Class RuleManager


  • public class RuleManager
    extends java.lang.Object
    Represents segmentation rules manager. Responsible for constructing and storing break and exception rules.
    • Field Detail

      • maxLookbehindConstructLength

        private int maxLookbehindConstructLength
      • breakRuleList

        private java.util.List<Rule> breakRuleList
      • exceptionPatternMap

        private java.util.Map<Rule,​java.util.regex.Pattern> exceptionPatternMap
    • Constructor Detail

      • RuleManager

        public RuleManager​(SrxDocument document,
                           java.util.List<LanguageRule> languageRuleList,
                           int maxLookbehindConstructLength)
        Constructor.
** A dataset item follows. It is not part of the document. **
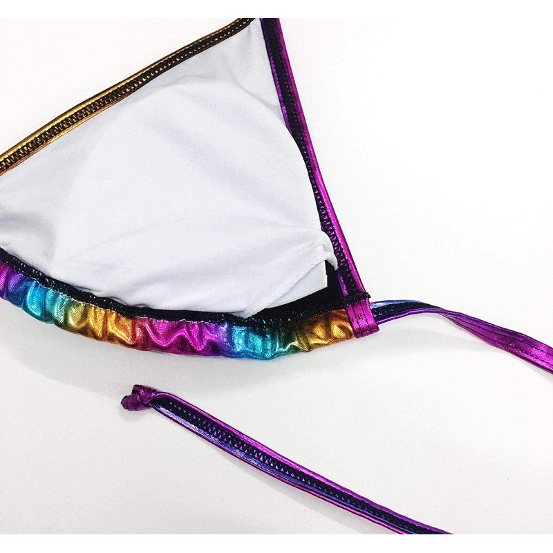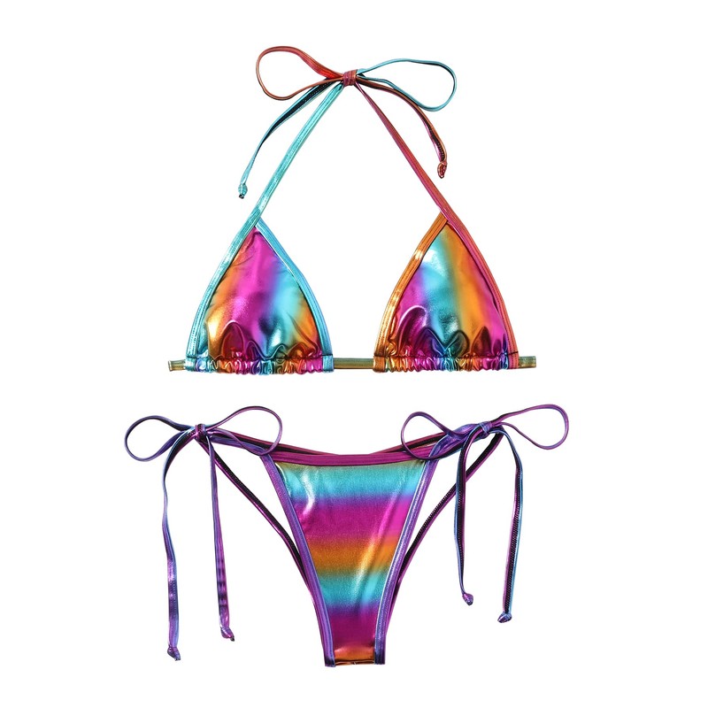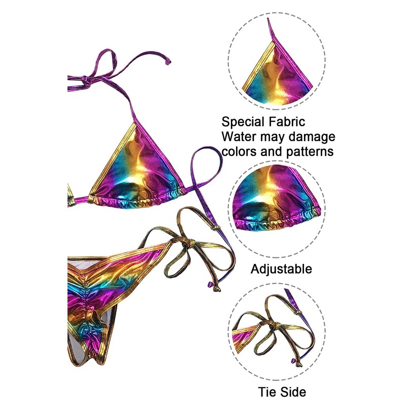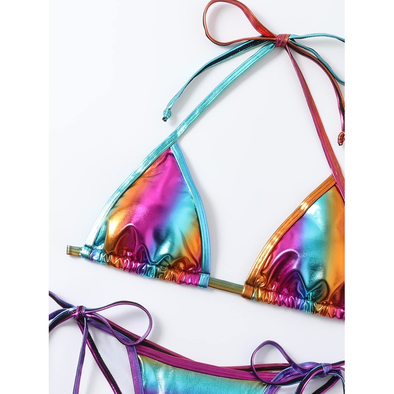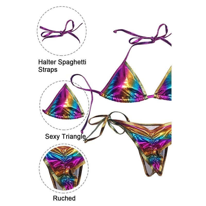 Women's Liquid Metallic Rainbow Bikini Sets Shiny String Padded Triangle 2 Pieces Swimsuit Set

Responsible for retrieving rules from SRX document for given language code, constructing patterns and storing them in quick accessible format. Adds break rules to breakRuleList and constructs corresponding exception patterns in exceptionPatternMap. Uses document cache to store rules and patterns.
        Parameters:
        document - SRX document
        languageRuleList - list of language rules
        maxLookbehindConstructLength - Maximum length of regular expression in lookbehind (see Util.finitize(String, int)).
    • Method Detail

      • getBreakRuleList

        public java.util.List<Rule> getBreakRuleList()
        Returns:
        break rule list
      • getExceptionPattern

        public java.util.regex.Pattern getExceptionPattern​(Rule breakRule)
        Parameters:
        breakRule -
        Returns:
        exception pattern corresponding to give break rule
      • createExceptionPatternString

        private java.lang.String createExceptionPatternString​(Rule rule)
        Creates exception pattern string that can be matched in the place where break rule was matched. Both parts of the rule (beforePattern and afterPattern) are incorporated into one pattern. beforePattern is used in lookbehind, therefore it needs to be modified so it matches finite string (contains no *, + or {n,}).
        Parameters:
        rule - exception rule
        Returns:
        string containing exception pattern